Using similarity thresholds for associating and matching faces - Amazon Rekognition

Using similarity thresholds for associating and matching faces

Similarity thresholds are used for both associating and matching faces. What follows is guidance for using similarity thresholds for both use cases.

Using similarity thresholds for associating faces

When associating faces using the AssociateFaces operation, it’s important to ensure that faces being associated with a user are all from the same person. To help, the UserMatchThreshold parameter specifies the minimum user match confidence required for the new face to be associated with a UserID containing at least one FaceID already. This helps ensures that the FaceIds are associated with the right UserID. The value ranges from 0-100 and the default value is 75.

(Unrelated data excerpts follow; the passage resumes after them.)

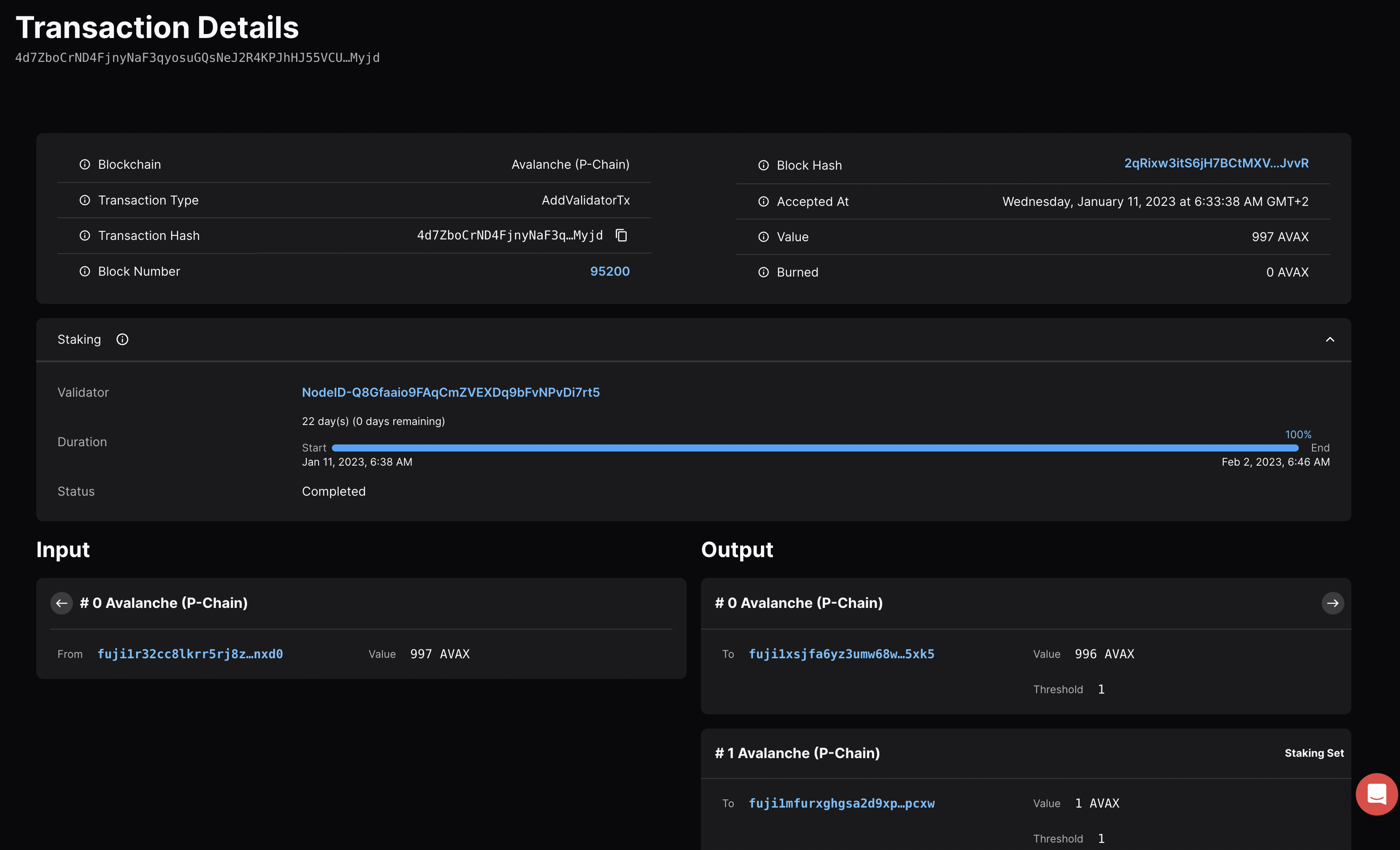 Architecture While the concept of Subnets is still supported in the Avalanche network, it is recommended to launch new blockchains as L1s to take advantage of the benefits outlined earlier. Since the naming of Subnets is deep enshrined in the Avalanche network, you will still see it sometimes in the code or the transaction names. # Create a Blockchain (/academy/avalanche-l1/avalanche-fundamentals/04-creating-an-l1/05-create-blockchain) --- title: Create a Blockchain description: Learn how to configure a blockchain and create a record for it on the P-Chain by issuing a CreateChainTx transaction using the Builder Tooling. updated: 2025-03-13 authors: [owenwahlgren] icon: SquareMousePointer --- Now that you have Core wallet set up and some AVAX on the P-Chain you can create a Subnet. You will do this by issuing a `CreateSubnetTx` transaction. This will create a Subnet that is uniquely identified by the transaction hash of the `CreateSubnetTx` transaction. The `CreateSubnetTx` transaction only has a single parameter: The owner of the Subnet. The owner can add blockchains to the Subnet and convert it to an L1. With the conversion to an L1 the owner will loose it's privileges. Therefore, the owner is only relevant during the creation time and does not have to be secured by a mulit-sig if a immediate conversion to an L1 is planned. We will just use your P-Chain address as the owner. Then you will issue the `CreateChainTx` on the P-Chain to create the blockchain record. The `CreateChainTx` transaction as the following parameters: - `name`: The name of the chain - `subnetID`: The ID of the Subnet you want to add the chain to - `vmID`: The ID of the Virtual Machine that will be used to run the chain. - `genesisData`: The genesis configuration of the chain The Genesis Builder tool allows us to configure many aspects of the blockchain like permissioning, it's tokenonomics and the transaction fee mechanism. Feel free to browse through the different configuration options, but for now don't change any of the defaults and just click the `View Genesis JSON` button. Then click `Create Chain` This will create the P-Chain record for your blockchain and associate it with the Subnet created in the previous step. The blockchain will be uniquely identified by the transaction hash of the `CreateChainTx` transaction. Congratulations! You have successfully created a blockchain record on the P-Chain. The blockchain does not have any validator nodes yet, so we can't connect our wallet to it or issue any transactions just yet. You will learn how to do that in the next section. # Set up Validator Nodes (/academy/avalanche-l1/avalanche-fundamentals/04-creating-an-l1/06-run-a-node) --- title: Set up Validator Nodes description: Learn how to deploy validator nodes for your L1 using managed infrastructure or self-hosted Docker deployments. updated: 2025-03-19 authors: [owenwahlgren] icon: Terminal --- import AvalancheGoDocker from "@/components/toolbox/console/layer-1/AvalancheGoDockerL1"; import ToolboxMdxWrapper from "@/components/toolbox/academy/wrapper/ToolboxMdxWrapper.tsx"; Now that the P-Chain records are set up, you can start syncing the node with your Subnet. ## Run Your L1 Node Use our free managed testnet infrastructure to instantly deploy a node for your L1, no need for Docker or Cloud Provider account set up with credits. Enjoy the benefits of: - Instant deployment with one click - Automatic configuration for your Subnet - Free for testnet development - Monitor and manage through the [Builder Console](/console/testnet-infra/nodes) Managed nodes automatically shut down after 3 days. For production or extended testing, see the self-hosted option below. ## Optional Alternative: Self-Hosted Infrastructure The free managed testnet nodes are a great option for playing around with Avalanche L1s, but are not intended for running on production environments. They are shut down automatically after 3 days. If you want to test out your production environment, running beyond 3 days, or anything more complex you should run nodes on your own infrastructure using Docker: # Convert a Subnet to an L1 (/academy/avalanche-l1/avalanche-fundamentals/04-creating-an-l1/07-convert-subnet-l1) --- title: Convert a Subnet to an L1 description: Learn how to convert a Subnet to an L1 on the P-Chain by issuing a ConvertSubnetToL1Tx transaction using the Builder Tooling. updated: 2025-03-13 authors: [owenwahlgren] icon: SquareMousePointer --- The node you have just launched is tracking the Subnet but is not yet a validator. In fact, since the Subnet does not have any validators yet it cannot process any transactions. In this step we will do two things at once: 1. Convert the Subnet to an L1 2. Add your node as a validator Converting a Subnet to an L1 requires the Subnet owner issuing a `ConvertSubnetToL1Tx` transaction on the P-Chain. This transaction establishes a new validator set for your blockchain and transforms it from a Subnet into a sovereign L1 chain. The `ConvertSubnetToL1Tx` transaction is a one-time transaction that can only be executed once by the Subnet owner(s). After the conversion the subnet owner looses all privileges and the L1 is controlled by a validator manager contract, that manages the validator set. You will learn more about this in the next chapter. The `ConvertSubnetToL1Tx` has the following parameters: - **Subnet ID** - The unique identifier of your Subnet - **Validator Manager Blockchain ID** - The ID of the blockchain where the Validator Manager contract will be deployed. This blockchain can belong to the L1, be the C-Chain or belong to any other L1 in the Avalanche network - **Validator Manager Address** - The address of the contract on that blockchain - **Validators** - The initial set of validators for the L1 The **Validator Manager Address** is initially set to an OpenZeppelin [TransparentUpgradeableProxy](https://docs.openzeppelin.com/contracts/4.x/api/proxy) contract pre-deployed in the `genesis.json`. Aft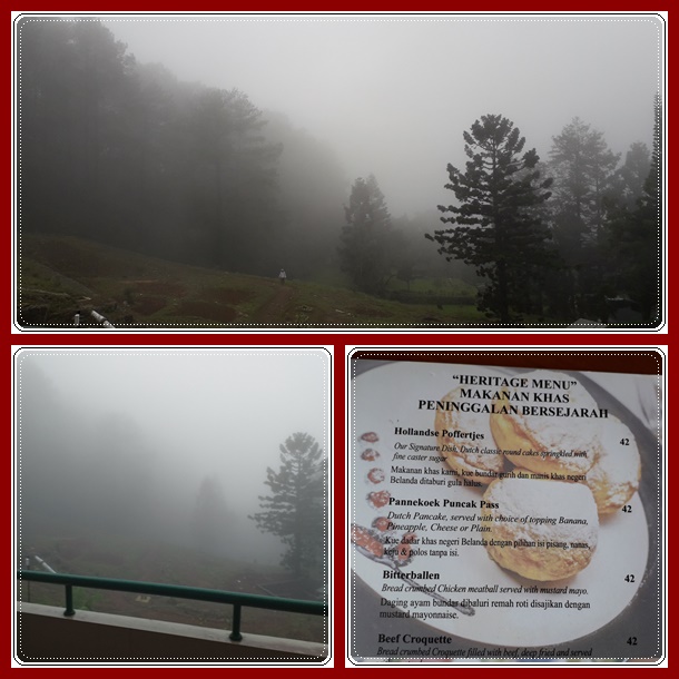 Pas lagi tertutup kabut semua, pemandangan jadi putih serasa winter deh. Bagus juga nih, mengobati kangen kami jalan2 ke luar negri. Ada lagi yang khas di Puncak Pass ini, yaitu makanan snack heritage ala Belanda. Biasanya kami memang suka mampir makan di restonya saat jalan2 ke Puncak. Yang terkenal adalah poffertjes nya. Tapi yang biasanya kami pesan adalah bitter ballennya, enak loh ! Cuma kali ini kami ga makan di hotel, justru mau menikmati yang lain.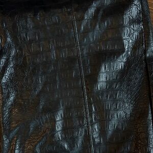 Chic black pencil skirt with a textured finish. Perfect for a stylish look.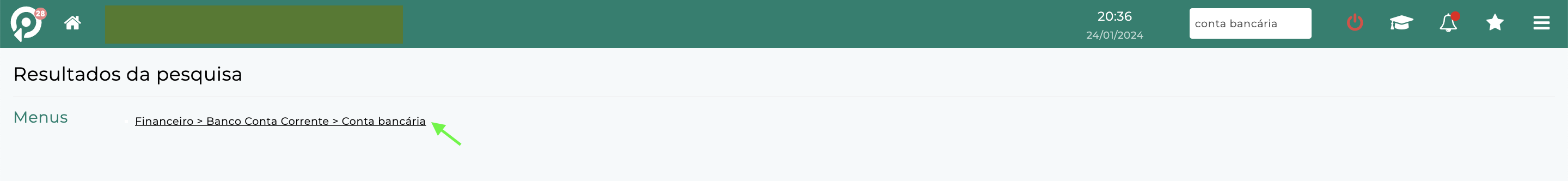Clique no resultado da pesquisa: Financeiro > Banco Conta Corrente > Conta bancária.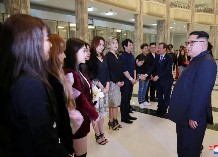 Ông Kim Jong-un trò chuyện với nhóm nhạc Red Velvet, nhóm nhạc nổi tiếng với 4,6 triệu người theo dõi trên Instagram. Ảnh: AP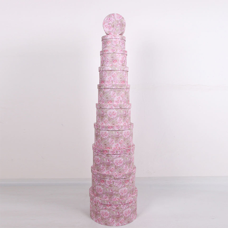 Ce coffret cadeau empilable à plusieurs niveaux présente un design circulaire, composé de plusieurs boîtes de taille croissante. L'ensemble peut être empilé en forme de tour, économisant ainsi de l'espace de stockage et de transport tout en offrant un excellent attrait visuel.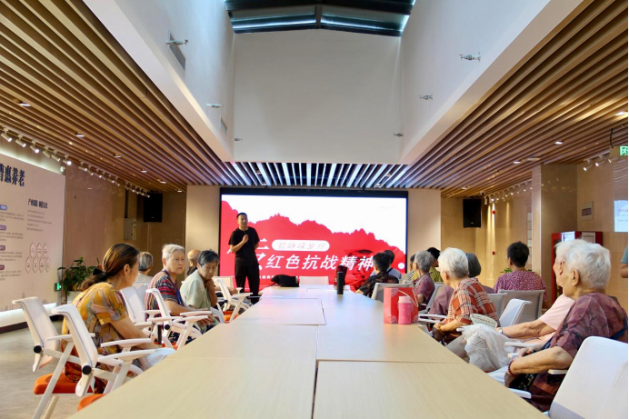 邓礼瑞老师以"永不褪色的红色记忆"为主题,通过珍贵的历史影像和生动的革命故事,系统梳理了中国共产党人的精神谱系。宣讲特别聚焦长征精神、抗战精神等革命精神内涵,为现场营造了浓厚的红色文化氛围。智慧养老中心活动接洽相关负责人连主任表示:“这样的红色教育活动既丰富了老人们的精神生活,也让年轻一代接受了生动的革命传统教育。”智慧养老中心有着从军经历的奶奶们也深有感触,纷纷与志愿者们分享了自己入伍的经历,尤其是说到抗美援朝时,泪眼婆娑,感人肺腑。团队成员学生代表张同学不禁感慨道,“听到这些真实的历史故事,我们更加懂得了今天幸福生活的来之不易。"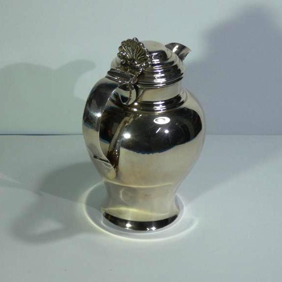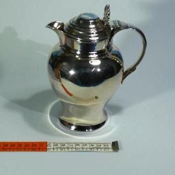 Escanciador para vino y otros líquidos fabricado por Almazán en latón plateado. Medidas 20cm de alto por 10cm de díámetro,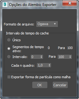 A caixa de diálogo Opções do Alembic Exporter é exibida.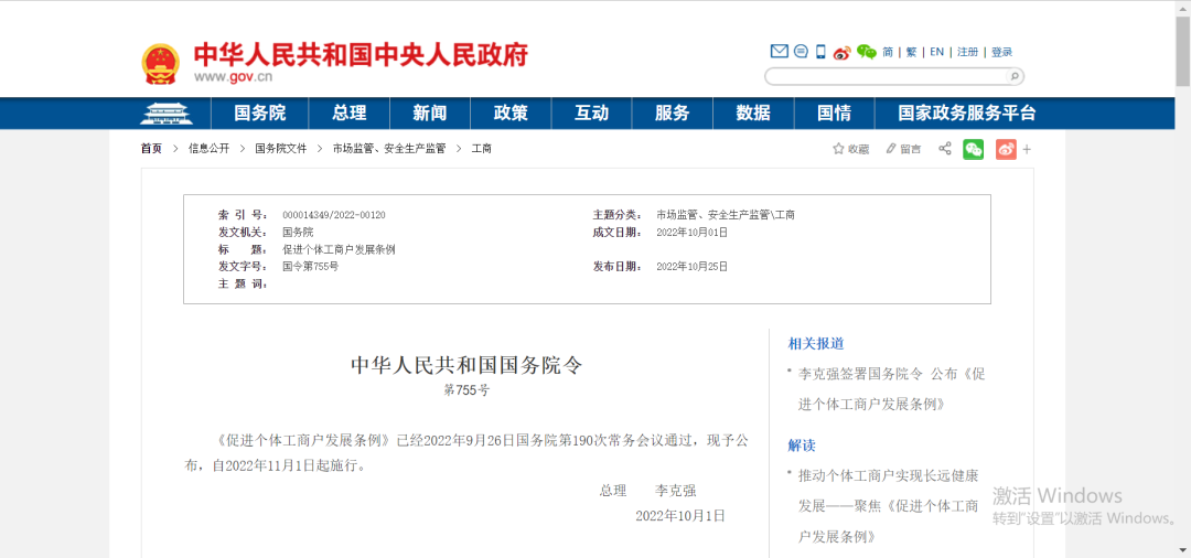 国务院日前发布的《个体工商户条例》,自2022年11月1日起正式实施。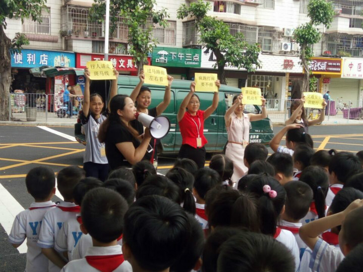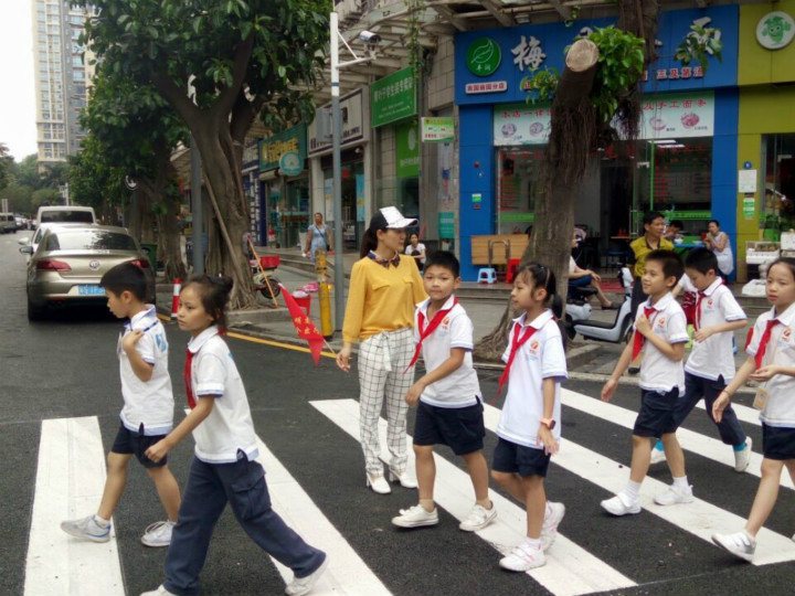 2017年5月19日,深圳市龍華中英文實(shí)驗(yàn)學(xué)校小學(xué)部的班主任老師帶著孩子們,在學(xué)校大門(mén)丁字路口路段上了一節(jié)特別的“交通安全實(shí)踐課”,目的是讓孩子們?cè)谡鎸?shí)的生活情境中認(rèn)識(shí)交通安全標(biāo)識(shí)、學(xué)習(xí)交通安全知識(shí)、掌握安全通行要領(lǐng)、提升生命安全意識(shí)。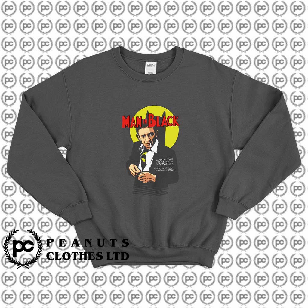 Welcome to Peanuts Clothes. Ltd | PeanutsClothes.com. You’ve now found the staple Sweatshirt of your wardrobe. It’s made of thicker, heavier cotton, but it’s still soft and comfy. And the double stitching on the neckline and sleeves add more durability to what is sure to be a favorite!. Johnny Cash Man in Black Sweatshirt is everything you’ve dreamed of and more. It feels soft and lightweight, with the right amount of stretch.
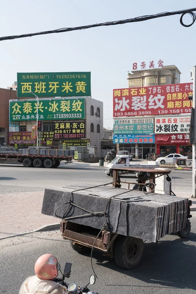 水头本身不产石,却以石为天,它是全球有名的石材转运中心,世界各地的石材在这里汇聚,加工之后再转运出去。现在,水头大大小小的马路边都是琳琅满目的各种石材招牌:西班牙米黄、丝绸之路、英国棕、巴西鱼肚白、安格拉黑……仿佛这里装着全世界。

Using similarity thresholds to match faces

We allow you to control the results of all search operations (CompareFaces, SearchFaces, SearchFacesByImage, SearchUsers, SearchUsersByImage) by providing a similarity threshold as an input parameter.

FaceMatchThreshold, is the similarity threshold input attribute for SearchFaces and SearchFacesByImage, and it controls how many results are returned based on the similarity to the face being matched. The similarity threshold attribute for SearchUsers and SearchUsersByImage is UserMatchThreshold, and it controls how many results are returned based on the similarity to the user vector being matched. The threshold attribute is SimilarityThreshold for CompareFaces.

Responses with a Similarity response attribute value that's lower than the threshold aren't returned. This threshold is important to calibrate for your use case, because it can determine how many false positives are included in your match results. This controls the recall of your search results—the lower the threshold, the higher the recall.

All machine learning systems are probabilistic. You should use your judgment in setting the right similarity threshold, depending on your use case. For example, if you're looking to build a photos app to identify similar-looking family members, you might choose a lower threshold (such as 80%). On the other hand, for many law enforcement use cases, we recommend using a high threshold value of 99% or above to reduce accidental misidentification.

In addition to FaceMatchThreshold and UserMatchThreshold, you can use the Similarity response attribute as a means to reduce accidental misidentification. For instance, you can choose to use a low threshold (like 80%) to return more results. Then you can use the response attribute Similarity (percentage of similarity) to narrow the choice and filter for the right responses in your application. Again, using a higher similarity (such as 99% and above) reduces the risk of misidentification.